‘Tis the Season to Avoid Enterprise IT and DevOps Gremlins

by: Brian Baggett / November, 27 2018

The likelihood of dealing with enterprise IT gremlins is heightened during certain times of the year for any DevOps team…

The likelihood of dealing with enterprise IT gremlins¹ is heightened during certain times of the year for any DevOps team. My brother, who works in IT Disaster Recovery for a healthcare agency, reminded me of this during our most recent Thanksgiving gathering. He had to address four hours of downtime right before the holiday, as something DevOps related pushed a change to the production system instead of in a test environment. Sound familiar?

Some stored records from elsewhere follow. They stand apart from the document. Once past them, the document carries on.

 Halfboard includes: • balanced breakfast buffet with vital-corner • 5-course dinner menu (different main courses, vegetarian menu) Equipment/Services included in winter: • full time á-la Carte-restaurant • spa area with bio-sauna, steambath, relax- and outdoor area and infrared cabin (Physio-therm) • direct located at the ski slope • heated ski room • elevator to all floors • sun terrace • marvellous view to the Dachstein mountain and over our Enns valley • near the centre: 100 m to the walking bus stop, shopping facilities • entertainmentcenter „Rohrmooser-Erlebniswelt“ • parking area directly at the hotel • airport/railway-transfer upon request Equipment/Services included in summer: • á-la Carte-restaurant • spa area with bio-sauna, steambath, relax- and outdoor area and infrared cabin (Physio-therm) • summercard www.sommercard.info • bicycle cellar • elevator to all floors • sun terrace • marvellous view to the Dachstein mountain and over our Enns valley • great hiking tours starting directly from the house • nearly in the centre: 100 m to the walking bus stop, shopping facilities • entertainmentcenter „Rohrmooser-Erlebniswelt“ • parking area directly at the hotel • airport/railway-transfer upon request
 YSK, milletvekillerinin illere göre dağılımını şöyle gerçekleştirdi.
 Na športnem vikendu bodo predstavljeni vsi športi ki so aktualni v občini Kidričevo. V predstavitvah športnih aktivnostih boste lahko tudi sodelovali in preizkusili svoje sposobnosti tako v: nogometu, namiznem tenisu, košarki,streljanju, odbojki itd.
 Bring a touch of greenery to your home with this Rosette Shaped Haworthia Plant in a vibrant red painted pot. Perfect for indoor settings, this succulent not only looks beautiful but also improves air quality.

Whether it’s a holiday, close of the quarter, or “go live” day, any number of factors can put a little extra stress on IT staff with more of a chance for network gremlins to plague any enterprise. Although not as mischievous as mythical gremlins, sloppiness causes trouble, difficulties, or unexpected failures—threatening security as well as contributing to downtime and poor performance.

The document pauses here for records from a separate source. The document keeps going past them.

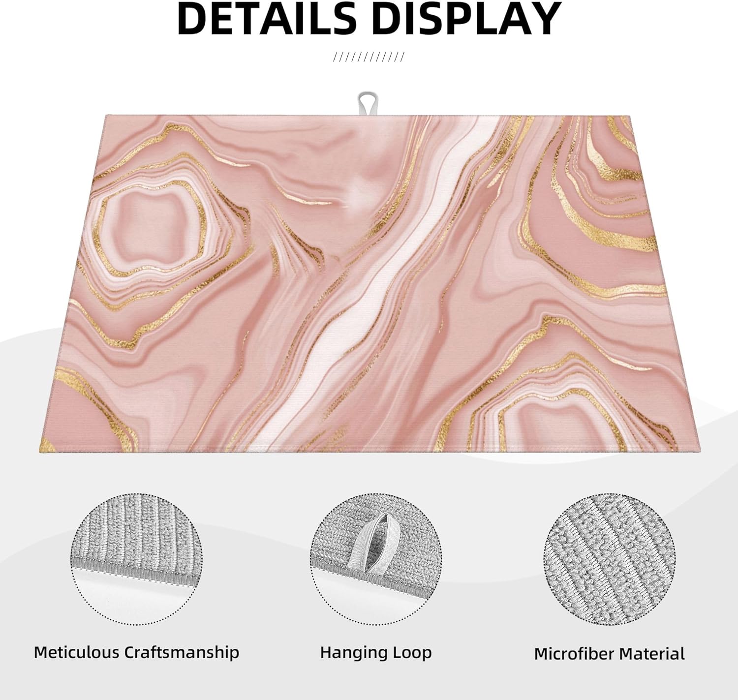 Pink Golden Dish Drying Mat for Kitchen Counter Absorbent Reversible Rose Pink Modern Drying Pad Dark Kitchen Decor Marble Dish Drainer Rack Mats 18"x24"
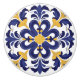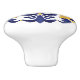 This ceramic knob features a bold floral motif in deep cobalt blue and rich golden yellow, inspired by azulejos—the traditional hand-painted glazed tiles of Portugal and Spain, treasured for their elegance and timeless beauty. The symmetrical design radiates from a golden flower at the centre, with sweeping petal-like flourishes and graceful curves that create a sense of movement and refinement. The crisp white background enhances the contrast, making the colours vivid and eye-catching.
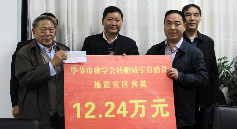 9月24日,毕节市彝学会向我县捐赠抗震救灾善款12.24万元(如图:毕节市彝学会会长陈霖(左一)进行善款捐赠)。
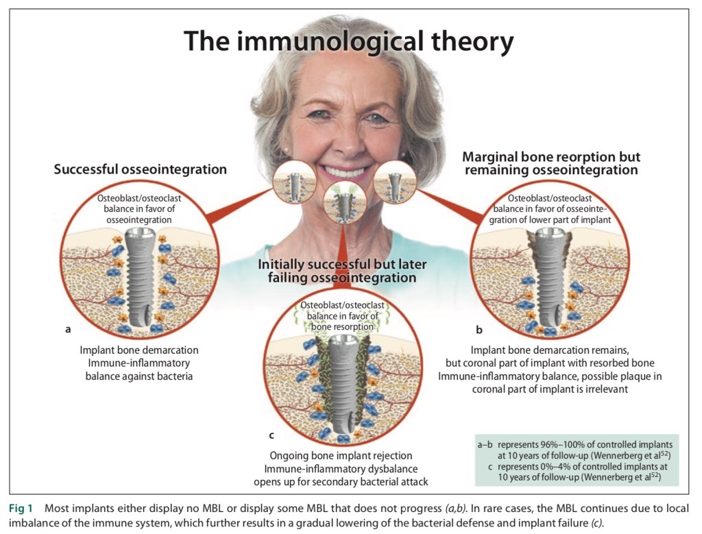 免疫系統的不平衡會不會造成植牙周圍的骨流失?—Albrektsson(2020) 2021 年 10 月 24 日2021 年 10 月 22 日 yehhsinchi 植牙 ijomi-2020-vol.35-p.495-502下載 雖然植牙已經有長期的實戰經驗及研究,目前使用的植體材料仍然是以純鈦金屬或是接近純鈦的鈦合金為主流。那鈦會不會引起發炎反應?當然還是會,但是大部分的情況下,會跟人體達成一定程度的平衡。那如果不平衡? 我是覺得內文寫的,是需要更多的研究的,感覺比較像是新的想法或是未來研究的方向。因為免疫系統人人不同,目前來說只能說已目前的所知,可能有0-4%的機會會有因為免疫反應讓植牙周圍骨頭吸收進而導致失敗。 分享此文: 按一下即可分享至 X(在新視窗中開啟) X 按一下以分享至 Facebook(在新視窗中開啟) Facebook 喜歡 正在載入...
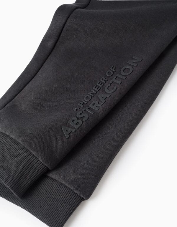 Pantalón tipo jogger para niño en color gris oscuro, confeccionado en suave felpa de algodón. Cuenta con cintura elástica con cordón ajustable, bajo engomado y bolsillos laterales. Incorpora una inscripción en relieve en una de las perneras: “A Pioneer of Abstraction”. Ideal para crear looks urbanos y cómodos para el cole o el tiempo libre.
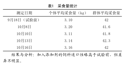 对参试牛的个体采食量和群体采食量进行了统计,结果详见表1。
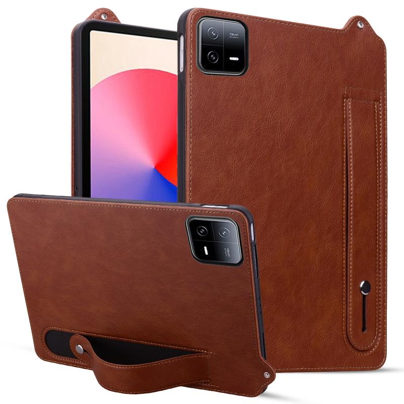 For Xiaomi Pad 6 / 6 Pro TPU Leather Back Tablet Case with Wristband(Brown)
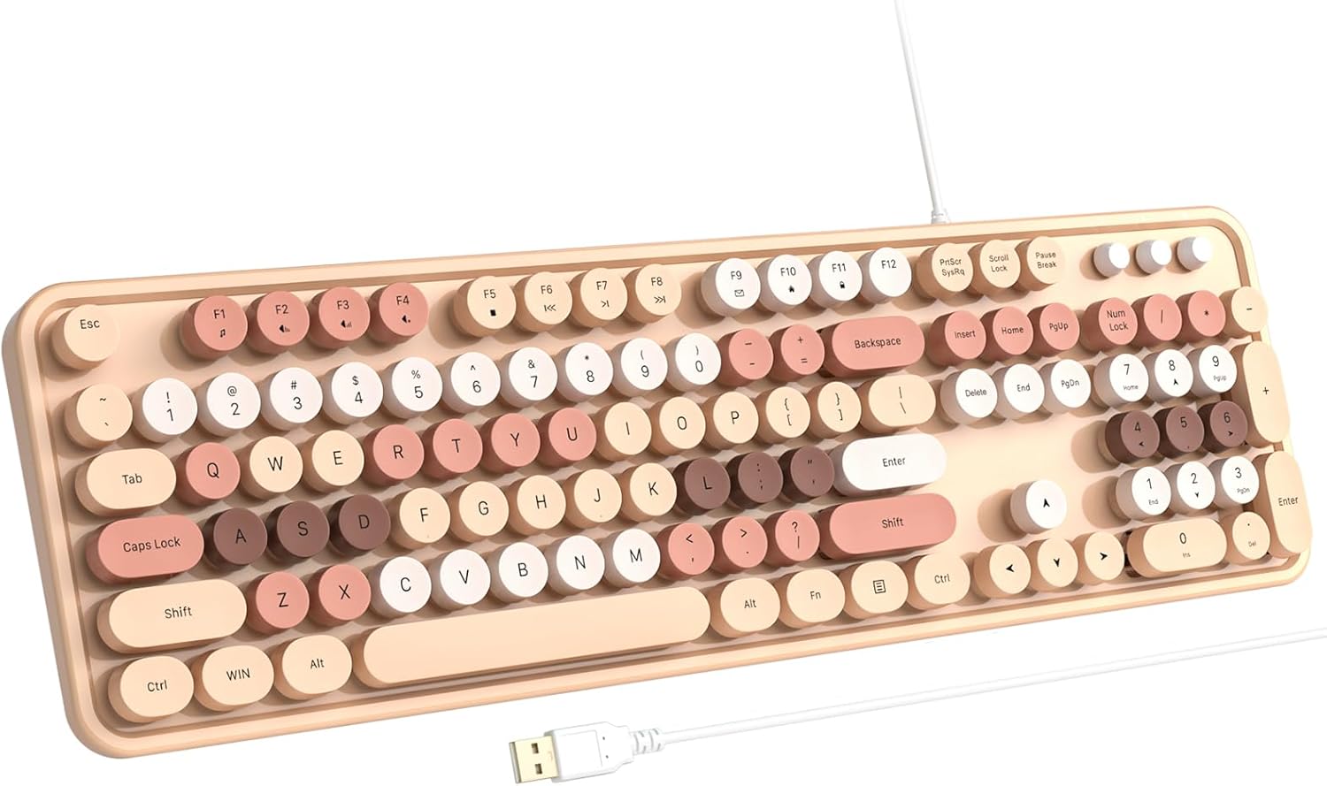 - 【Retro Typewriter Keyboard】Cute round keycaps, crisp and sweet sound, perfect knocking feel, let you find the feeling of a retro typewriter. And it’s detachable, making the keyboard easy to clean.
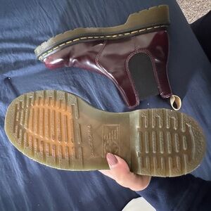 Classic Dr. Martens Chelsea boots in cherry red. Features signature yellow stitching.
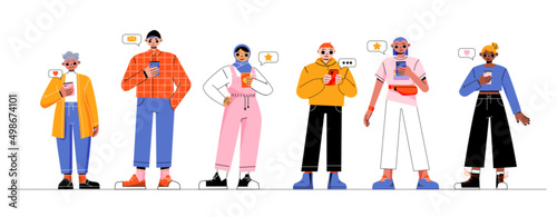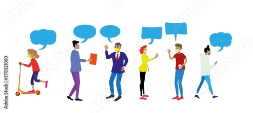 Разнообразные мультиэтнические молодые люди, держащие в руках набор речевых пузырей. Мужчина и женщина разных рас, стоящие в диалоговом окне чата в социальных сетях с поднятыми руками, векторная иллюстрация

Self-Service Resources and IT Automation

Keeping gremlins at bay can be achieved with a solid plan for self-service options and IT automation. End users need to have access to hardened resources and processes when others who have the keys to these resources are on PTO or swamped by other high priority projects.

Leaving users in the dust while waiting for resources or an update can make them turn to workarounds or short cuts. The idea is that you don’t want anyone in your organization going rogue during the stressful times. The more that enterprise IT and DevOps teams have self-service IT enabled, the less likely the chance for folks to fend for themselves.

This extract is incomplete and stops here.